Problem?
Given the input sentence:
Hello, Mr. Anderson.
The default sentence tokenizer (punkt, and the nltk sample pickle), turns this into:
Sentence 1: Hello, Mr
Sentence 2: Anderson
When it should really remain as it was.
Why is an existing solution so hard to find?
Is there a general solution to this? This seems to be a common problem, as it is even mentioned in the nltk python tutorial book.
Sentence segmentation is difficult because period is used to mark abbreviations, and some periods simultaneously mark an abbreviation and terminate a sentence, as often happens with acronyms like U.S.A.
However all of the solutions I've seen are either based on manually entering abbreviations, such as this one; or on training a new pickle - because my searches will not turn up ones that others have trained (the first rule of sentence boundary disambiguation...).

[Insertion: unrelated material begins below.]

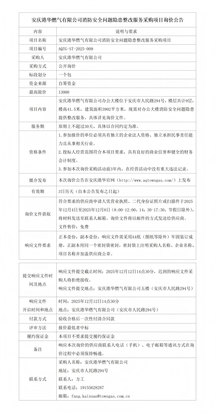 安慶港華燃?xì)庥邢薰鞠腊踩珕栴}隱患整改服務(wù)采購(gòu)項(xiàng)目詢價(jià)公告
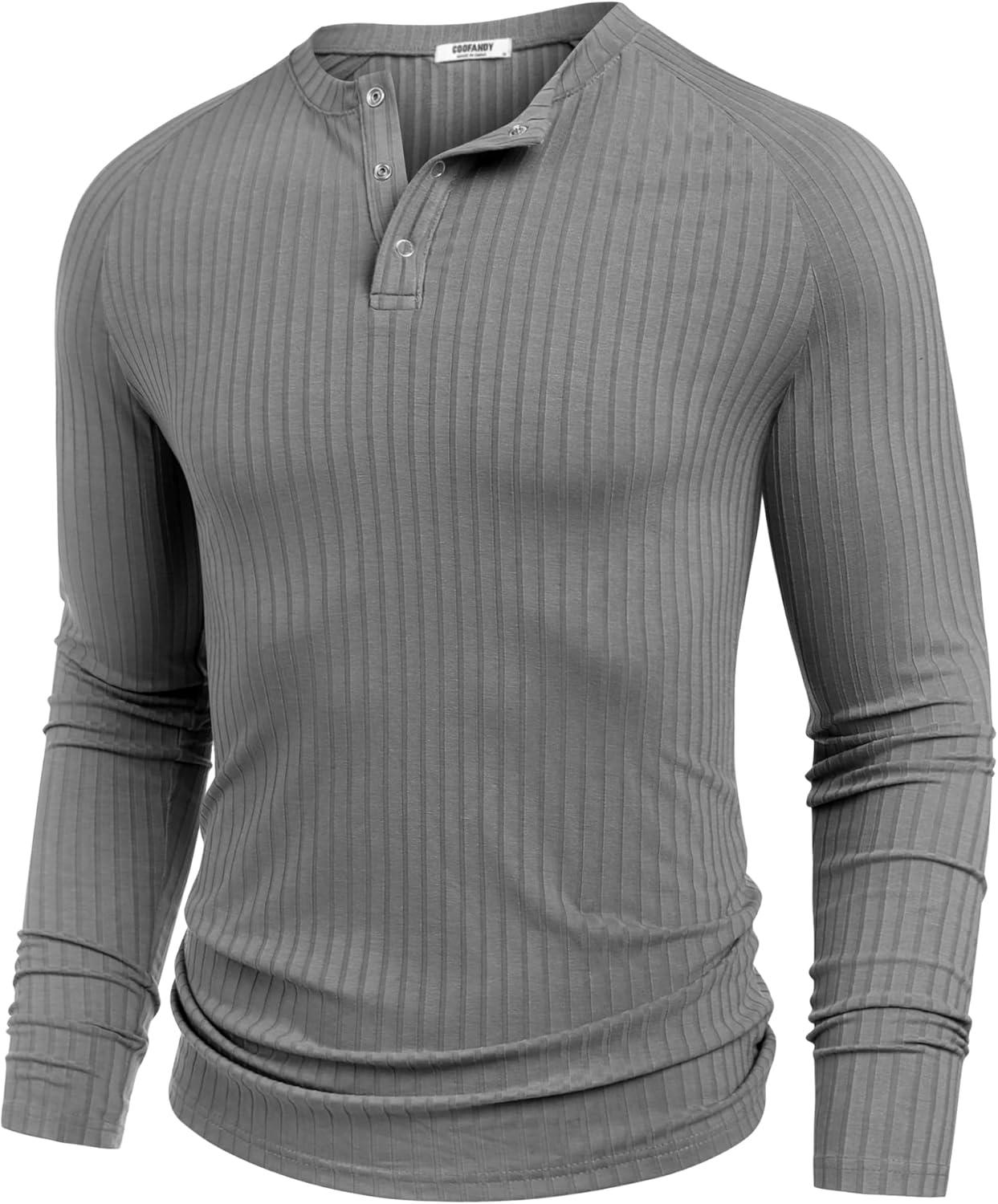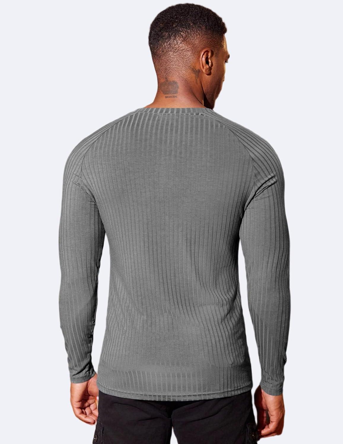COOFANDY Men’s Muscle Slim Fit T-Shirt Long Sleeve Henley Shirts Casual Gym Workout Athletic Tee Shirts(Grey)

Manually building a list of English abbreviations is a bit of a daunting task; and I haven't found any clear documentation for such a list in nltk.
My current approach: I'm trying to write a webscraper to use this list. And I hate it. The list is far from complete, best I can really hope for is to expand the webscraper to combine several such lists. I'll then use the list to form hypothetical abbreviation expansions and see if they make sense... who am I kidding? I'll probably go back to bed.